On Fri, May 18, 2012 4:31 PM, Jiang Liu <[email protected]> wrote:
>
>On 05/18/2012 10:10 PM, Sosnowski, Maciej wrote:
>> On Thu, May 07, May 10, 2012 3:59 AM, Jiang Liu <[email protected]> wrote:
>>>
>>> Hi Maciej,
>>> I feel we may also need to tune the multiple IOH support in DCA.
>>> Multiple IOH support is disabled for CB3.0 devices, how about CB3.1
>devices
>>> in Ivrbridge or SandyBridge? Does the hardware limitation still exist? Or
>>> could we support multiple IOHs with IvyBridge and SandyBridge?
>>> If multiple IOH is supported, I think we should move the logic to
>>> disable multiple IOH support for CB3.0 from DCA core into ioatdma.

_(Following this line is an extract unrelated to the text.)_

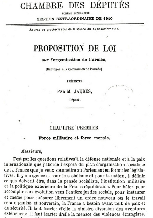 Là encore, tout les oppose a priori. Dans L’Armée nouvelle (1911), Jaurès élabore, proposition de loi à l’appui, une armée de miliciens composée de citoyens-soldats appartenant à l’armée d’active et formés tout au long de leur vie, dirigée par des officiers issus du rang. Il est en opposition totale avec la structure militaire établie, basée sur une armée d’élite permanente dirigée par des officiers professionnels issus de l’aristocratie.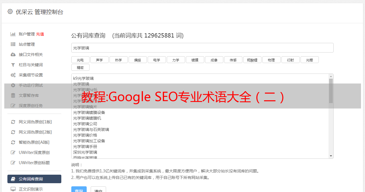 优采云 发布时间: 2022-10-31 04:26教程:Google SEO专业术语大全(二)

I have
>>> also prepared two patches for that two.
>>> Thanks!
>>>
>>
>> At this point I do not think we would need to tune multiple IOH for DCA.
>> The limitation you mention applies only to CB3.0. I do not think DCA is
>supported
>> with Sandy Bridge / Ivy Bridge regardless of multi-IOH case but let me
>confirm it
>> yet.
>It seems that Intel introduces DDIO technology for IvyBridge. Does it replace
>DCA
>technology on new platforms?
>Thanks!

Yes, in general DDIO is used instead of DCA on new platforms.
Note however that DDIO is supported in Xeon E5 only, not in Xeon E3.

Thanks,
Maciej

2012-05-24 01:25:14

by Jiang Liu (Gerry)

[permalink] [raw]
Subject: Re: [RESEND,PATCH] DCA, x86: fix invalid memory access in DCA core

Hi Maciej,
Thanks for your help. Could you also help to review the IOAT
hotplug patch at http://www.spinics.net/lists/linux-pci/msg15287.html?
It's to support Intel IOAT device hotplug.
Thanks!
On 2012-5-23 23:11, Sosnowski, Maciej wrote:
> On Fri, May 18, 2012 4:31 PM, Jiang Liu<[email protected]> wrote:
>>
>> On 05/18/2012 10:10 PM, Sosnowski, Maciej wrote:
>>> On Thu, May 07, May 10, 2012 3:59 AM, Jiang Liu<[email protected]> wrote:
>>>>
>>>> Hi Maciej,
>>>> I feel we may also need to tune the multiple IOH support in DCA.
>>>> Multiple IOH support is disabled for CB3.0 devices, how about CB3.1
>> devices
>>>> in Ivrbridge or SandyBridge? Does the hardware limitation still exist? Or
>>>> could we support multiple IOHs with IvyBridge and SandyBridge?
>>>> If multiple IOH is supported, I think we should move the logic to
>>>> disable multiple IOH support for CB3.0 from DCA core into ioatdma. I have
>>>> also prepared two patches for that two.
>>>> Thanks!
>>>>
>>>
>>> At this point I do not think we would need to tune multiple IOH for DCA.
>>> The limitation you mention applies only to CB3.0. I do not think DCA is
>> supported
>>> with Sandy Bridge / Ivy Bridge regardless of multi-IOH case but let me
>> confirm it
>>> yet.
>> It seems that Intel introduces DDIO technology for IvyBridge. Does it replace
>> DCA
>> technology on new platforms?
>> Thanks!
>
> Yes, in general DDIO is used instead of DCA on new platforms.
> Note however that DDIO is supported in Xeon E5 only, not in Xeon E3.
>
> Thanks,
> Maciej
>
>